Systemic Effects of Hypoxia - Body Under Siege

• CNS: Highly sensitive. Confusion, impaired judgment, ataxia. Severe (PaO₂ < 30 mmHg): Loss of Consciousness (LOC).
• Cardiovascular System (CVS):
  • Acute: ↑Heart Rate (HR), ↑Cardiac Output (CO) due to sympathetic drive. Severe/prolonged: Bradycardia, ↓Blood Pressure (BP), arrhythmias.
  • Chronic: Pulmonary hypertension, Right Ventricular Hypertrophy (RVH).
• Respiratory System:
  • Acute: Hyperventilation (Hypoxic Ventilatory Response - HVR) → Respiratory alkalosis.
  • Chronic: Blunted HVR, especially in high-altitude natives.
• Hematologic: Chronic: ↑Erythropoietin (EPO) from kidneys → Polycythemia (Hematocrit > 55%).
• Cellular: Shift to anaerobic glycolysis → ↑Lactic acid production.

⭐ Cyanosis (bluish discoloration of skin & mucous membranes) typically becomes apparent when the mean capillary concentration of deoxygenated hemoglobin exceeds 5 g/dL.

an

Acclimatization to Altitude - Summit Strategy

• Goal: Maximize $O_2$ delivery & utilization for extreme altitudes over weeks/months.
• Hematological:
  • ↑ EPO → ↑ RBC mass, Hb (Polycythemia).
  • ↑ 2,3-DPG → Right shift ODC (aids $O_2$ unloading).
• Ventilatory:
  • Sustained ↑ alveolar ventilation (HVR); peripheral chemoreceptors reset.
  • Renal $HCO_3^-$ excretion compensates respiratory alkalosis.
• Cardiovascular & Tissue:
  • Heart rate normalizes (vs. acute).
  • ↑ Tissue capillarity, myoglobin, mitochondrial density, oxidative enzymes.
• Summit Strategy:
  • "Climb high, sleep low"; gradual ascent.
  • Staging: 2-3 weeks > 3000m before higher ascent.
  • Supplemental $O_2$: Common > 7000m.
  • Pharmacological aids:
    • Acetazolamide: Aids acclimatization, prevents AMS.
    • Dexamethasone: HACE/HAPE treatment.
• Sleep: Periodic breathing (Cheyne-Stokes) common.

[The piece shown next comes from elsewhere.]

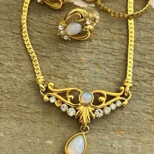 This exquisite jewelry set features a stunning combination of gold and opal. Perfect for adding a touch of elegance to any outfit.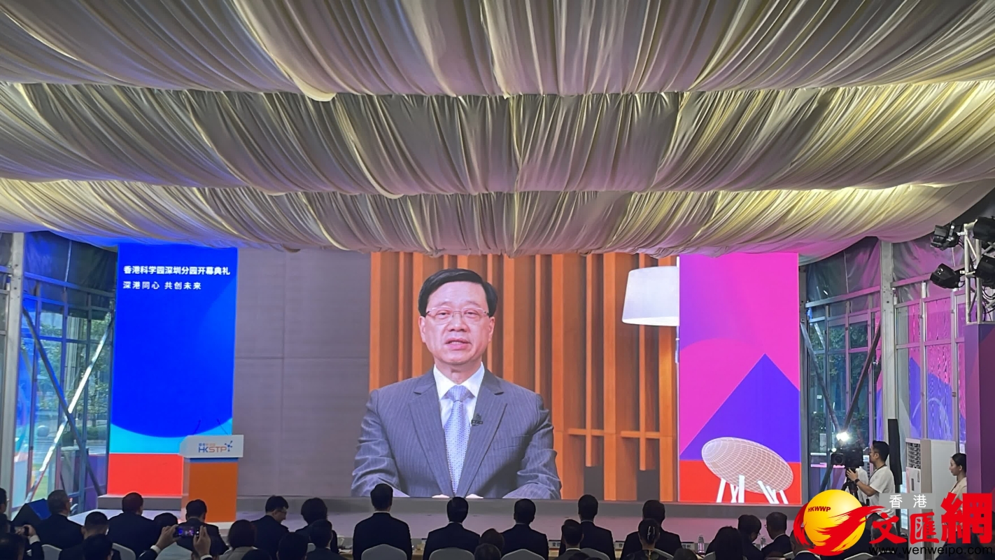 行政長官李家超進行視頻致辭。圖源:大公文匯網 香港科技園公司表示,目前有超過10間創科公司進駐園區。公司目標吸引約150家企業落戶,將重點吸引來自醫瘵科技、大數據及人工智能、機械人技術、新材料、微電子、金融科技和可持續發展七大領域企業。 深圳分園總建築面積31000平方米,設有共享空間、實驗室及活動場地等。 (完) 【編輯:王軼南】

⭐ The most important long-term acclimatization mechanism is increased hemoglobin concentration due to EPO stimulation.

High‑Yield Points - ⚡ Biggest Takeaways

• Hypoxic hypoxia (e.g., high altitude): ↓PaO2, ↓SaO2. Anemic hypoxia: ↓Hb, normal PaO2.
• OHDC Right Shift (↑P50, ↑O2 release): due to ↑H+, ↑CO2, ↑Temp, ↑2,3-DPG.
• Acclimatization: Hyperventilation, polycythemia, ↑2,3-DPG, ↑capillaries.
• CO Poisoning: Cherry-red skin, normal PaO2, ↓SaO2, strong left shift of OHDC.
• P50: PaO2 at 50% Hb saturation (normal 26.6 mmHg); reflects Hb-O2 affinity.
• Oxygen content (CaO2) primarily depends on Hb concentration and SaO2.